Envoyer à un ami | Version à imprimer | Version en PDF

Voter, pourquoi pas ?

par Moncef Wafi

Et si l'Etat faisait tout pour pousser le citoyen à boycotter les élections ? L'interrogation pourrait passer pour incongrue, voire farfelue du reste, tant les indicateurs tendent à prouver le contraire. Les discours, les injonctions, même maladroites, les intrusions et les prévisions chiffrées sur une participation honorable, sinon acceptée et tolérée, disent tout le contraire de cette assertion et indiquent que l'Etat veut éviter, coûte que coûte, une élection au rabais. D'où cette campagne pour une participation massive aux législatives du 4 mai prochain.

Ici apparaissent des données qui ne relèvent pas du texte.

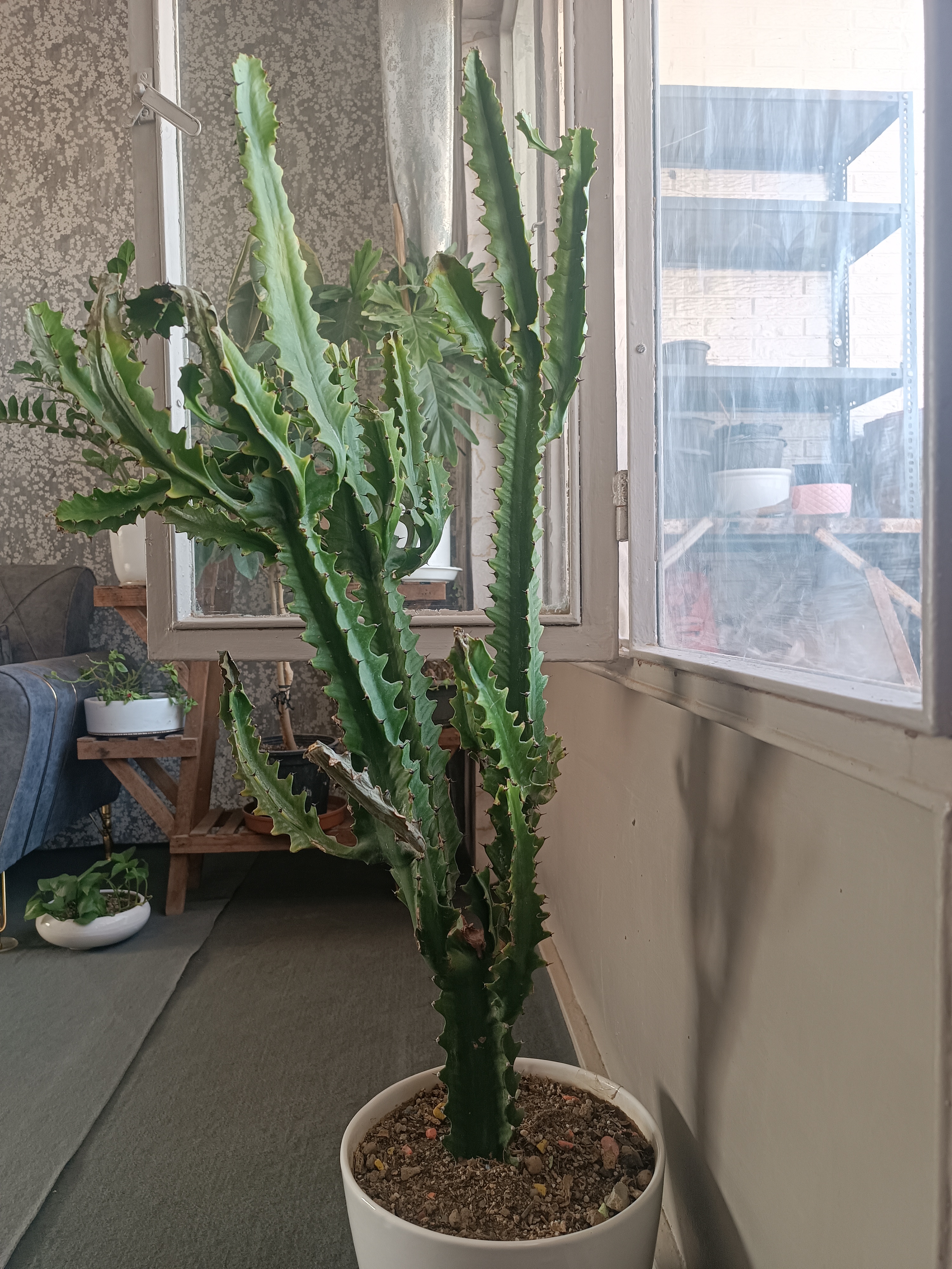 اگر ساقه ی اصلی نیز دچار اسیب شده باشد نشانه اینست که بافت داخلی گیاه اسیب جدی دیده و شما نمیتوانید کل گیاهی با این سایز را نجات دهید و چاره ای جز قلمه گیری از قسمتهای سالم ندارید . قلمه ها را در گلدانی با سایز کوچک بکارید و از خاک تازه مخصوص ساکولنت استفاده کنید. اما اگر ساقه و تنه ی اصلی کاملا سالم باشد فقط قسمتهای آسیب دیده ی ساقه های جانبی را حذف کنید . افوربیا ها گیاهانی هستند که به محیطی با تهویه ی خوب و دمای یکنواخت نیاز دارند . افراط و تفریط در آبیاری و تهویه ی نامناسب محیط باعث میشود این گیاهان آسیب ببینند و متاسفانه زمانی که سایز گیاه بزرگ باشد و قسمتهای مختلف ساقه در نقاط متعدد دچار اسیب و پوسیدگی و بیماری شده باشد ناچار به قلمه گیری از قسمتهای سالم گیاه هستید و باید گیاه را دوباره ریشه دار کنید . هر چند در این فصل ریشه زایی بسیار کند انجام خواهد شد چون فصل رشد گیاه نیست اما اگر قلمه ها را در محیطی گرم با تهویه ی خوب قرار دهید و آبیاری قلمه ها را به اندازهی کافی و منظم و به درستی انجام دهید میتوانید انها را ریشه دار کنید . با این وضعیتی که گیاه دارد استفاده از قارچ کش تاثیر چندانی نخواهد داشت اثر ان موقت خواهد بود . سایز گلدان کاکتوسها و ساکولنتها نباید بزرگ باشد زیرا احتمال پوسیدگی و شیوع بیماری را در این گیاهان بالا میبرد .

Une vérité qui reste au stade du constat tant la manière déployée trahit une autre volonté, si cela se trouve. On évoque pêle-mêle cette même campagne incitative qui a eu l'effet inverse ou ces appels suspects insistants à ne pas voter, lancés en sous-main par des officines politiques. L'abstention, plus que le boycott, est le meilleur allié du système actuel en place soutenu politiquement par les deux partis de la majorité sortante et de ses sigles satellitaires. De l'avis de l'opposition ou de ce qu'il en reste, cette hypothèse tient la corde, expliquée en cela par la nature qui a horreur du vide et qui l'a rempli, en Algérie, par le FLN et le RND. Les chiffres avancés pour les élections des années 90 et ceux après 2000 donnent un aperçu de cette équation électorale qui veut que l'abstention joue le jeu des partis de l'Administration, ou ce qui est convenu d'appeler comme telle. Dans cette campagne, on a souvent entendu les chefs de parti soit invectiver les partisans du boycott, soit les prendre de haut avec condescendance, expliquant les comprendre sans les cautionner. Pourtant, le débat n'est pas là, puisque le boycott est déjà une option partisane en soi. L'abstention est cette réalité algérienne, de tout temps, qui s'est imposée aux électeurs à force de scrutins biaisés et de détournements de leurs voix. Un choix individuel qui a muté en épidémie, encouragé par des intentions inavouables pour faire l'impasse sur le rendez-vous électoral.

Ces élections qu'on présente comme un modèle du genre, les premières à être organisées loin de l'influence du DRS et du système des quotas, devront avoir le bénéfice du doute. Celui qu'elles ne seront pas totalement soldées par l'Administration mais pour cela, il faut un minimum de garanties et un engagement citoyen qui devront faire obstacle, au moins, à la fraude au niveau des taux de participation.